🧠 Daily Study Log [2025-06-29]
Today was fully dedicated to optimizing ensemble strategies for the SCU_Competition.
I experimented with weighted voting, seed diversity, and OOF-based stacking to push the model’s generalization performance.

📊 SCU_Competition — Submission 26–30

Focus: Enhancing AUC score with tuned ensemble strategies and classic feature refinement
Model: LGBMClassifier, soft voting ensemble, OOF-based stacking

Strategies Applied:

Submission 26: Weighted soft voting (model_11: model_9 = 7:3)
Submission 27: VotingClassifier with seed-tuned model_11/9/21 (weights 5:3:2)
Submission 28: OOF-based StackingClassifier (meta model: LGBM)
Submission 29: Clean model with only essential features (classic structure)
Submission 30: Engineered interaction features based on top variables

Key Observations:

Submission 30 achieved Kaggle AUC 0.8968, the best so far
Overfitting in submission 28 (CV AUC 0.9995 vs.
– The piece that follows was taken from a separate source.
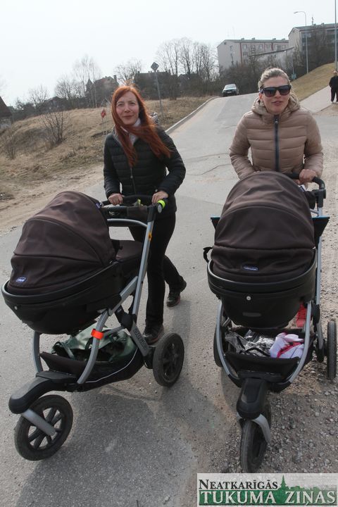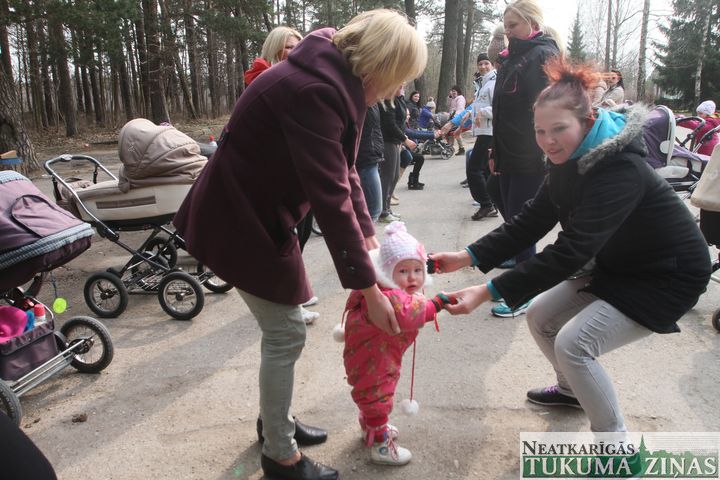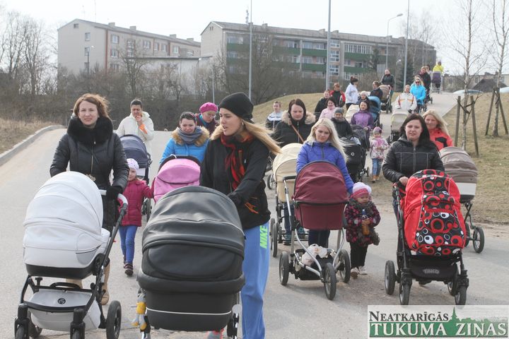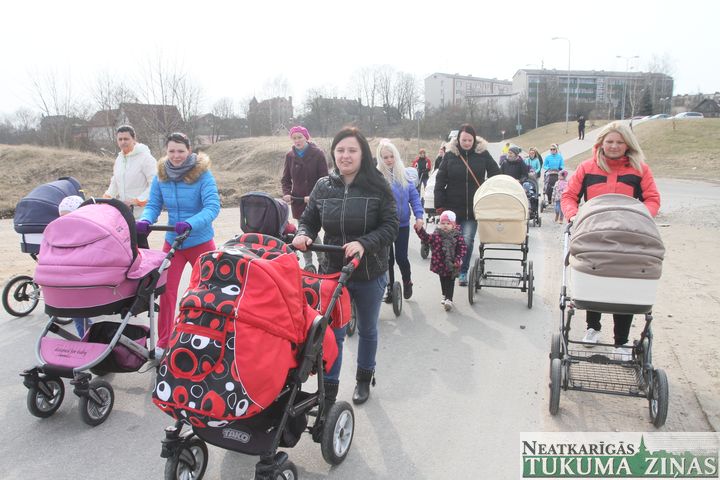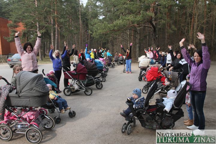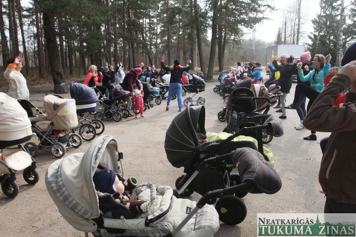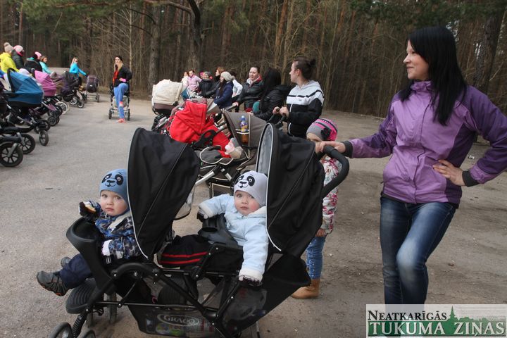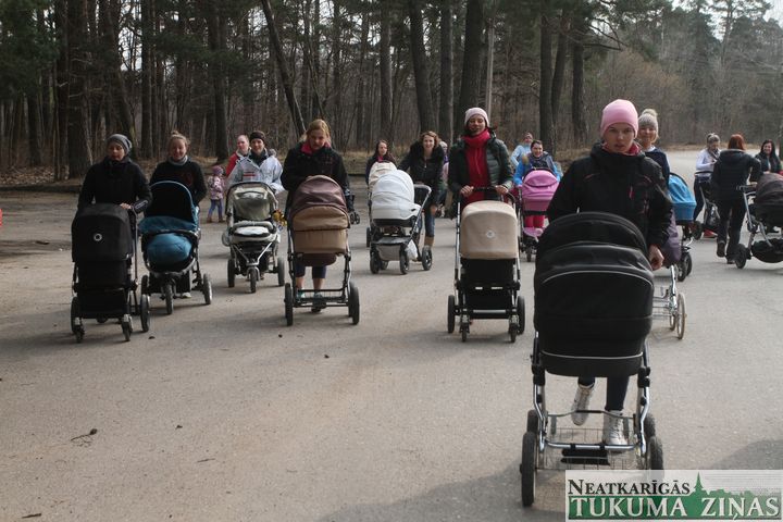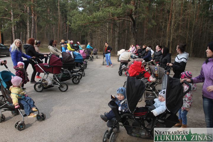 Ceturtdien, 26. martā, nevienu vien tukumnieku pārsteidza vienreizējs skats – trīs duči jauno māmiņu ar bērniem ratiņos vai pie rokas devās gājienā uz Melnezeru, lai kopā ar bērniem atpūstos veselīgi – baudītu svaigu gaisu un mundri vingrotu.

Kaggle AUC 0.8363) proved OOF stacking was risky
Simpler structures with meaningful features continued to perform more reliably

✅ Takeaways

Ensemble synergy depends on model diversity, not quantity
High local CV scores can mislead — real test is on unseen (Kaggle) data
Strategic feature engineering often outperforms complex modeling tricks

🎯 Next Steps

Submission 31: Combine classic model with filtered feature interactions
Revisit meta-feature stacking with regularization and robust validation
Log feature importances and start SHAP-based interpretation

✅ TL;DR

📍 Voting: Weighted ensemble of well-tuned models gave stable results
📍 Stacking: OOF-based meta-model overfitted — needs better regularization
📍 Classic: Clean features + smart interaction boosted performance (best AUC 0.8968)